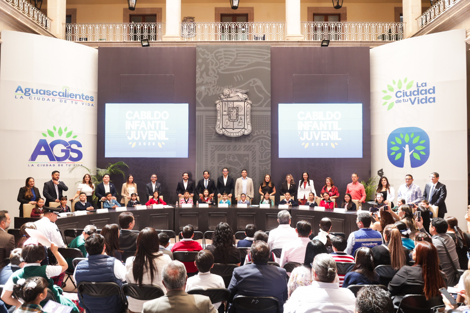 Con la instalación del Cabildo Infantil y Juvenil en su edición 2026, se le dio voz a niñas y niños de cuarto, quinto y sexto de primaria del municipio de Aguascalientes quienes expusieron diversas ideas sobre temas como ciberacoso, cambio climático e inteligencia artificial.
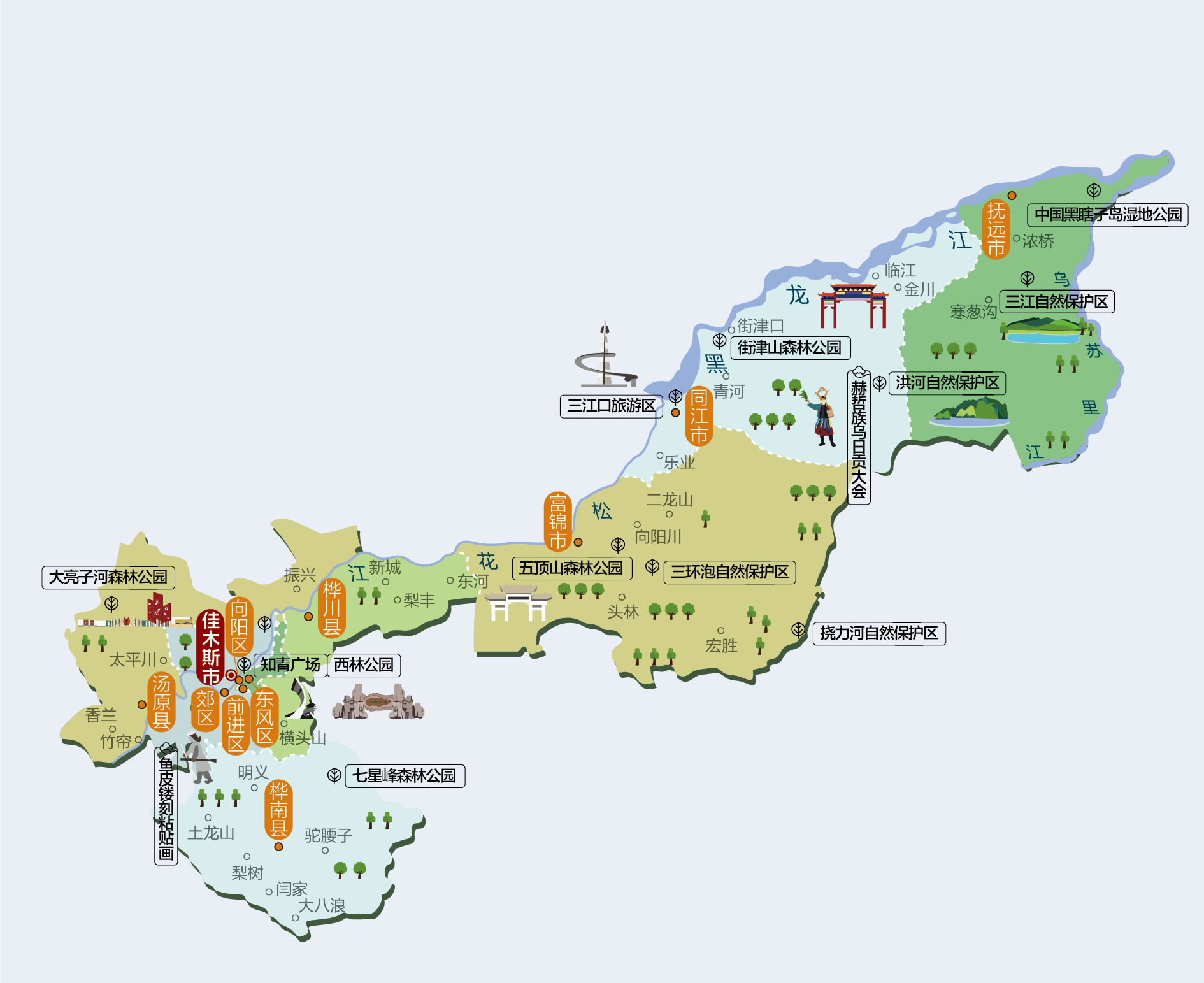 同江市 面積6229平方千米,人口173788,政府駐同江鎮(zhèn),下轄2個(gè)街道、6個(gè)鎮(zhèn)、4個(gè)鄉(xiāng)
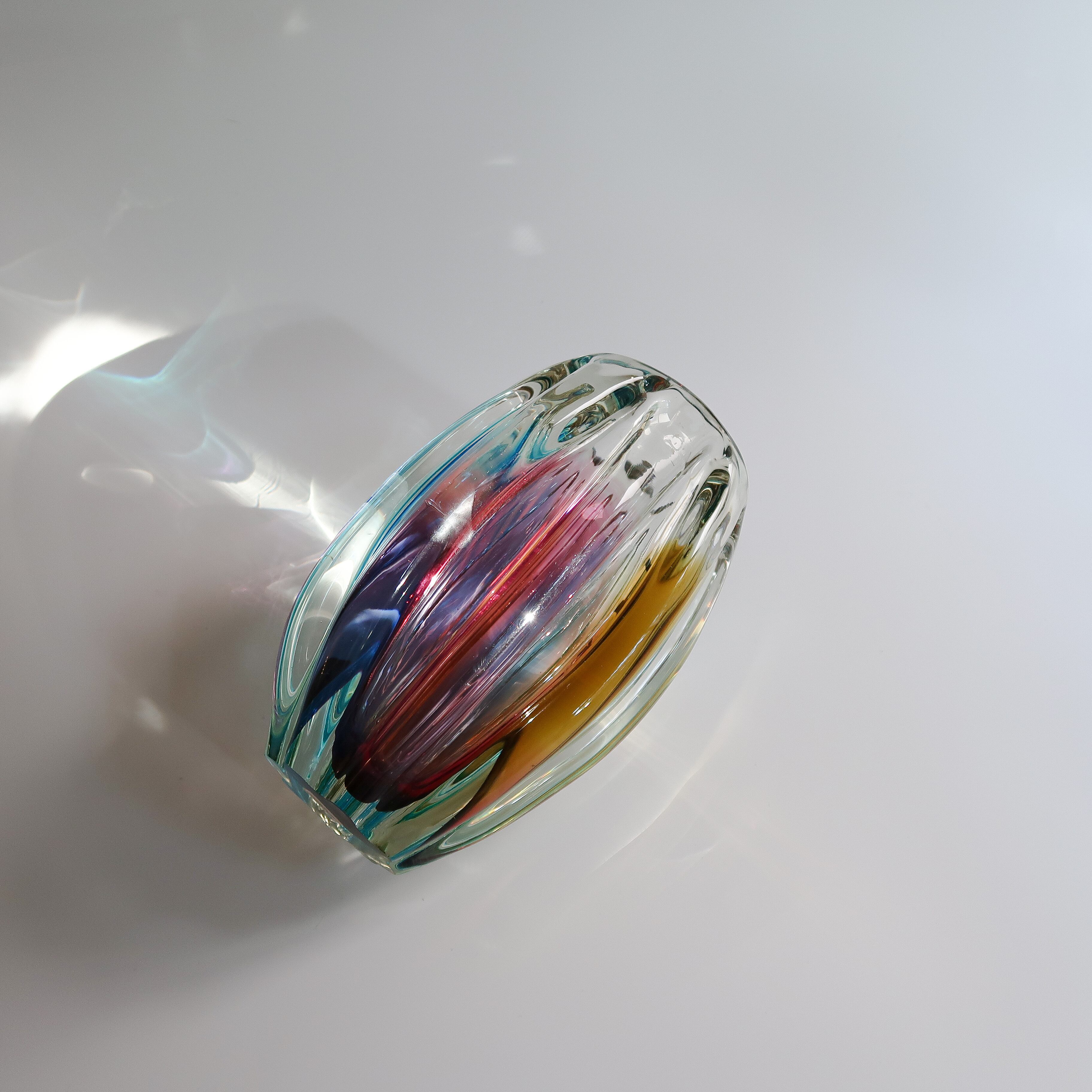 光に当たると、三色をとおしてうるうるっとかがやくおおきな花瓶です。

Problem description.
Please write out every line of the listing above exactly, and leave the images behind.

Exercise solution.
 Con la instalación del Cabildo Infantil y Juvenil en su edición 2026, se le dio voz a niñas y niños de cuarto, quinto y sexto de primaria del municipio de Aguascalientes quienes expusieron diversas ideas sobre temas como ciberacoso, cambio climático e inteligencia artificial.
 同江市 面積6229平方千米,人口173788,政府駐同江鎮(zhèn),下轄2個(gè)街道、6個(gè)鎮(zhèn)、4個(gè)鄉(xiāng)
 光に当たると、三色をとおしてうるうるっとかがやくおおきな花瓶です。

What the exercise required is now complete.